When the MRI is normal, the diagnosis rests on the EEG findings, the seizure type, and the overall clinical picture. Medications work regardless of whether the MRI shows a cause, and a normal result does not change the general approach to treatment.

9.4.2 When something is found

A finding on MRI can mean very different things depending on the context. Some findings (e.g. hippocampal sclerosis in a child with temporal lobe epilepsy) point directly to the seizure source and may open the door to surgical evaluation. Others may be incidental: small cysts, minor vascular variants, or developmental changes that are entirely unrelated to the epilepsy and require no action.

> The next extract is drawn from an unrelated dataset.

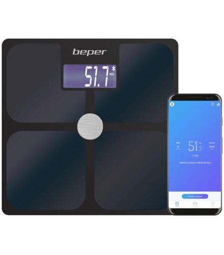Electrical impedance body scale with app Electrical impedance body scale measuring 21 body indicators: Body shape, Nutrition, Weight, BMI, % Fat mass, Muscle weight, Visceral fat, Water level, Bones, Basal metabolism, Weight Fat mass, Skeletal muscle, Water weight, Protein weight, ideal weight, weight control, control fat, muscle control, body years, % protein, lean mass. The tempered glass panel is coated with indium tin oxide electrodes (ITO - indium tin oxide), extremely sensitive and able to detect, with speed and high precision, the body composition. Built-in bluetooth technology to transmit data directly to your smartphone via the Scaleup app (available for iOS and Android) and synchronizes with Google Fit, Fitbit and Apple Health apps. Statistics of historical data collected to monitor the trend and possibility to download the data in pdf format. Multiple users to create profiles for the whole family and ability to share data with the community. Measurement precision. Touch ignition and large backlit LCD display. Indicator of overload and low battery, automatic shutdown. Product size: 30 x 30 x 2,5 cm Material: Tempered glass/ABS Batteries: 2xAAA (not included) ...

Your neurologist will explain what any finding means for your child specifically. Not every abnormality seen on MRI is the cause of the seizures, and not every finding requires a change in treatment.

9.4.3 Imaging and surgery

For children whose seizures do not respond to medication, high-quality brain imaging becomes especially important. The goal of presurgical evaluation is to identify a clearly defined area of the brain responsible for the seizures that can be safely removed or disconnected. In addition to MRI, specialized tests such as PET, SPECT, fMRI, and MEG can each contribute different pieces of information. These are discussed in the chapter on Advanced Brain Imaging.